人それぞれの成すべきこと。もともと備わっていた性質。
それを超えようとすればしっぺ返しを受けることもある。
学生の本文であれば学ぶことであり、大人であれば社会の運営や家族を養うための労働であるかもしれない。
武芸者であれば都市の治安や民を守ることであろう。
その役割にあった、適した働きというものがある。
その上でレイフォンは思った。
念仏にしか聞こえない授業。右から左へ抜けていく講師の言葉。書き写しただけで意味不明な文字の羅列。
ああ、自分の本分は武芸者だったのだと。
クラスの名簿を片手に眺める講師を見て、今更ながらに強くそう思う。
「……うーんと、アルセイフ君でいっか。アルセイフ君、ここの答え分かる?」
流石にこれがわからない人はいないよね。そんなノリの声に指名され空虚となっていたレイフォンの意識が戻る。
隣にいるクラリーベルは頬杖ついて面白そうにこちらに視線をやり、前の席のルシルは指で何かサインを出しているが全く意味がわからない。
――分かりません。
何かを悟ったレイフォンの声が教室に響いた。
「おい、大丈夫か」
昼休憩の時間。レイフォンにとっては癒しとも一時の息継ぎとも言える時間だ。
一時間ほどあるこの時間、学生は昼食を食べるのが一般的だ。レイフォンたちもそれに習い昼食を食べている途中だった。
寝坊でもしなければ基本的にレイフォンとクラリーベルの昼食は弁当であり、食べる場所は教室が大抵で偶に外だ。教室の場合は前の席のルシルも参加する。パンを齧りながらルシルに言われた言葉にレイフォンは疲れた視線を返す。
「駄目だよ。慣れはしたけど」
「本当に勉強ダメなんだな。オレより耐性がないやつ初めて見たぞ」
「これでも頑張ってるんだけどね」
だが、その頑張りも余り意味を見せない。最初の頃から比べれば意識が飛ばすにノートをちゃんと取れるようになっただけ進歩しているがその程度だ。

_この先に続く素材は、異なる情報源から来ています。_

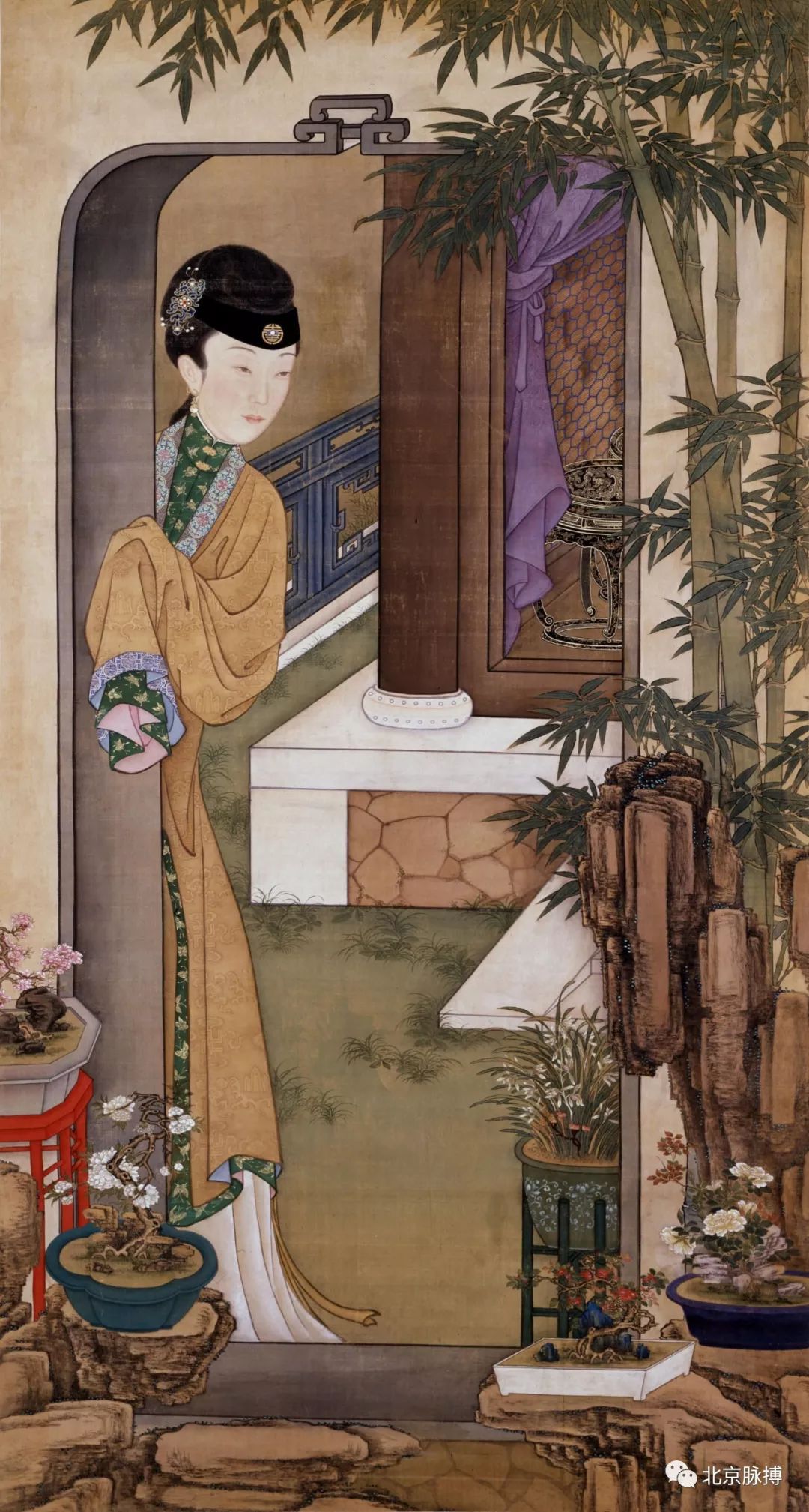 ![]() 庭院中花草竹石满目,并摆放着香兰、月季等各色盆景,争奇斗艳,以婀娜的姿态点缀出俏丽的景致。仕女倚门观望着满园春色,举止间似乎流露着淡淡的叹春情怀。

学校が始まって既に日数も経ち、生活リズムも慣れた。だがそれは勉強になれたのとは別の話だ。最初の初期的なおさらいの部分はまだギリギリ理解が出来たが、進むにつれレイフォンの理解の範疇を超えて行った。
「一応言っておきますが、板書を写すだけで頑張っているとは言いませんよ。寝ないのは当然ですし」
「だけって言うなだけって。それでもオレ達からしたら頑張ってるんだぞ」
クラリーベルに対してのルシルの言にレイフォンは無言で力強く頷く。そんな二人にクラリーベルは悲しいものを見る瞳で見る。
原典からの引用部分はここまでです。